It's safe provided the intis zero or positive. If it's negative, and size_tis of equal or higher rank than int, then the intwill be converted to size_tand so its negative value will instead become a positive value. This new positive value is then compared to the size_tvalue, which may (in a staggeringly unlikely coincidence) give a false positive. To be truly safe (and perhaps overcautious) check that the intis nonnegative first:

如果int为零或正数，则是安全的。如果它是负数，并且size_t等于或高于int，那么int将被转换为size_t，因此它的负值将变成正值。然后将这个新的正值与该size_t值进行比较，这可能（以极不可能的巧合）给出误报。为了真正安全（也许是过于谨慎），int首先检查是非负的：

/* given int i; size_t s; */
if (i>=0 && i == s)

and to suppress compiler warnings:

并抑制编译器警告：

if (i>=0 && (size_t)i == s)

size_tis going to be some sort of integer type (although possibly unsigned, so it might generate a warning) so the appropriate casting should be done for you automatically.

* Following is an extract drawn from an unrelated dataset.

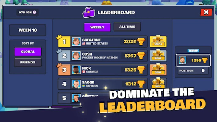 একাধিক রোমাঞ্চকর এরেনা এবং বিভিন্ন গেম মোড আপনার জন্য অপেক্ষা করছে। নতুন খেলার মাঠ আনলক করুন, মূল্যবান পুরস্কার আবিষ্কার করুন এবং বিভিন্ন PvP চ্যালেঞ্জে নিজেকে নিযুক্ত করুন। বন্ধুদের সাথে প্রতিদ্বন্দ্বিতা করতে চান? আপনার বন্ধুদের "Pocket Hockey Stars"-এর PvP ম্যাচে আমন্ত্রণ জানান এবং প্রমাণ করুন কে সত্যিকারের হকি চ্যাম্পিয়ন। আপনি যদি আর্কেড স্পোর্টস গেম, তীব্র PvP প্রতিযোগিতা, অথবা দ্রুতগতির আইস হকি অ্যাকশনের অনুরাগী হন, তবে "Pocket Hockey Stars" আপনার জন্য অফুরন্ত উত্তেজনা নিয়ে আসে – যেকোনো সময়, যেকোনো স্থানে।

size_t将是某种整数类型（尽管可能是无符号的，因此它可能会生成警告），因此应该自动为您完成适当的转换。

As others have already said, you may want to revisit whatever calculation is producing the intand see if you can do it in size_tin the first place if you're computing a required size for something.

正如其他人已经说过的那样，您可能想重新审视正在产生的任何计算，int并首先看看是否可以size_t在计算某物所需的大小时进行计算。

It is okay to compare a size_tvalue with an intvalue, the intvalue will be implicitly converted to unsignedtype.

可以将一个size_t值与一个int值进行比较，该int值将被隐式转换为unsigned类型。

Some compilers will issue a warning when you mix signedand unsignedtypes in comparisons. In that case you can explicitly convert the signedvalue to an appropriate unsignedtype to suppress the warning.

当您在比较中混合signed和unsigned键入时，某些编译器会发出警告。在这种情况下，您可以将signed值显式转换为适当的unsigned类型以抑制警告。

If you're going to compare an int type to size_t(or any other library type), you are doing a risky comparison because int is signed and size_t is unsigned, so one of them will be implicitly converted depending on your compiler/platform. The best thing to do, is to rewrite your int i as:

如果您要将 int 类型与 size_t（或任何其他库类型）进行比较，那么您将进行有风险的比较，因为 int 是有符号的，而 size_t 是无符号的，因此其中之一将根据您的编译器/平台进行隐式转换。最好的办法是将你的 int i 重写为：

decltype(y.size()) i = 1;

decltype(y.size()) i = 1;

This assigns your i as the safe type you're trying to compare, and I think it's good practice. This solution is useful in all types of iterators as well. You generally don't want to trust the compiler to cast for you, you can, but it's risky, and an unnecessary risk.

这将您的 i 指定为您要比较的安全类型，我认为这是一种很好的做法。此解决方案也适用于所有类型的迭代器。您通常不想信任编译器为您进行强制转换，您可以，但这是有风险的，而且是不必要的风险。